D'Adanson au baobab
Le baobab, comme de nombreuses autres plantes, porte un nom latin dérivé de l'auteur qui l'a fait connaître, Adanson. Mais ce dernier a aussi joué un rôle dans la diffusion du nom vernaculaire, provenant de l'arabe.
Le baobab, cet arbre dont la silhouette et le gros tronc cylindrique sont si typiques des paysages d'Afrique, de Madagascar et d'Australie, compte huit espèces différentes dont les populations locales font de multiples usages, employant le tronc comme une réserve d'eau, l'écorce comme fibre, les feuilles comme fourrage et les fruits et graines pour l'alimentation. Sans parler des vertus médicinales de toutes ces parties (des fruits contenant de puissants antioxydants et des feuilles aux propriétés antidiabétiques). Le nom « baobab » dérive de l'arabe. C'est le médecin et voyageur italien Prospero Alpini (1553-1617) qui, à son retour d'Égypte, le fit passer dans les langues européennes. Au départ, le terme était rare et ne désignait que le fruit de l'arbre. C'est seulement à partir du milieu du XVIIIe siècle qu'il s'est appliqué à l'arbre entier et, du même coup, a commencé à se populariser en français. L'auteur de ce changement fut un autre voyageur, français quant à lui : Michel Adanson.
Ce naturaliste natif d'Aix-en-Provence avait suivi des cours de botanique au Jardin du Roi (actuel Muséum...
d'histoire naturelle de Paris) auprès d'un des plus grands spécialistes de l'époque, Bernard de Jussieu (1699-1777), avant d'entreprendre un voyage au Sénégal où il séjourna de 1748 à 1754. Il s'y livra à d'intenses études sur la faune et la flore et collecta de nombreux échantillons qu'il fit parvenir à des savants parisiens. De retour en France, il fut salué pour la valeur de ses travaux et élu à l'Académie royale des sciences en 1759. Il entreprit alors un ouvrage de botanique, Les Familles des plantes (1763), qui proposait une nouvelle manière audacieuse de classer les végétaux, mais dont l'originalité ne fut reconnue qu'au XXe siècle. Il consacra le reste de sa carrière à la préparation d'un monumental ouvrage d'histoire naturelle en 27 volumes qu'il ne parvint jamais à publier.

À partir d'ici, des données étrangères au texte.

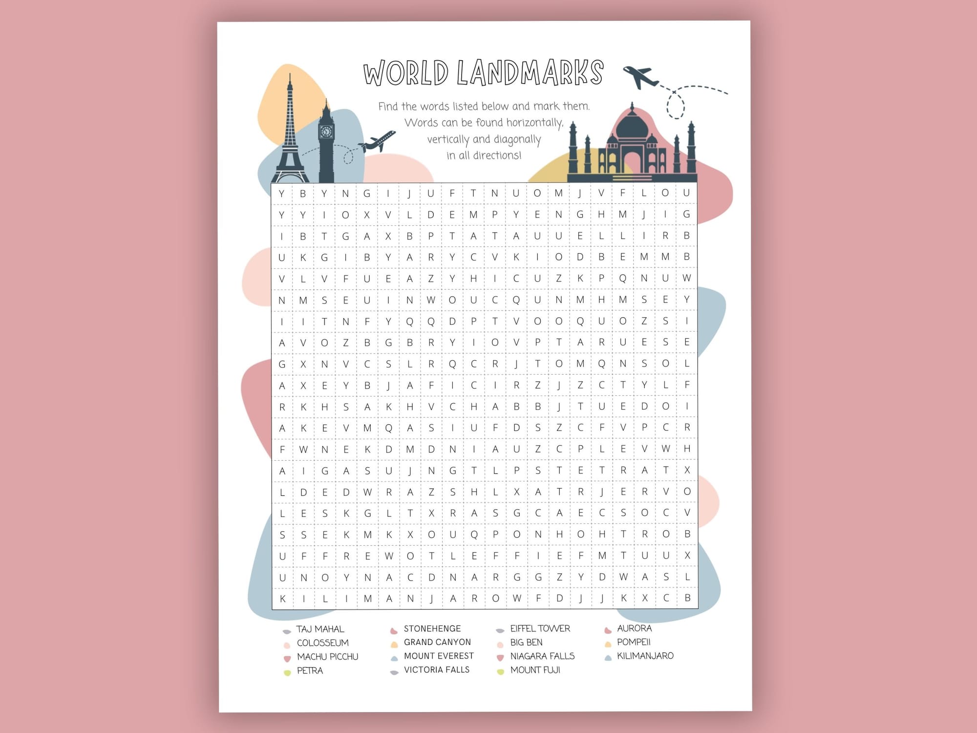 🏔️ A famous world landmarks themed printable word search with 15 words to find! Words can be found horizontally, vertically and diagonally. A useful activity for long car journeys, as well as at kids parties, for games or party bag fillers. 🏔️

La majeure partie de ses recherches au Sénégal resta donc inédite, à quelques exceptions près, dont un récit de voyage, une description des coquillages du Sénégal et un mémoire paru en 1761, décrivant très précisément le baobab. Mais à cette date, la plante était déjà bien connue des botanistes, précisément grâce à toutes les données que, dès l'époque de son voyage, Adanson avait envoyées à ses collègues parisiens. Ce n'était donc que justice que Bernard de Jussieu honore son élève en donnant à cet arbre le nom de genre latin Adansonia. Jussieu ne publia pas ce nom, mais il le signala dans une lettre à son collègue suédois, Carl von Linné, le fondateur de la nomenclature scientifique officielle encore en vigueur de nos jours. Ce dernier suivit la recommandation de son ami Jussieu et reprit le même nom dans son Species plantarum de 1753, puis dans son Systema naturæ en 1759, avant même la parution du mémoire d'Adanson qui, pour sa part, préférait s'en tenir au nom français, « baobab ».
Par la suite, les relations entre Adanson et Linné se dégradèrent, car les deux naturalistes n'avaient pas du tout la même conception des classifications. Mais Adansonia n'en est pas moins restée la dénomination latine officielle des baobabs.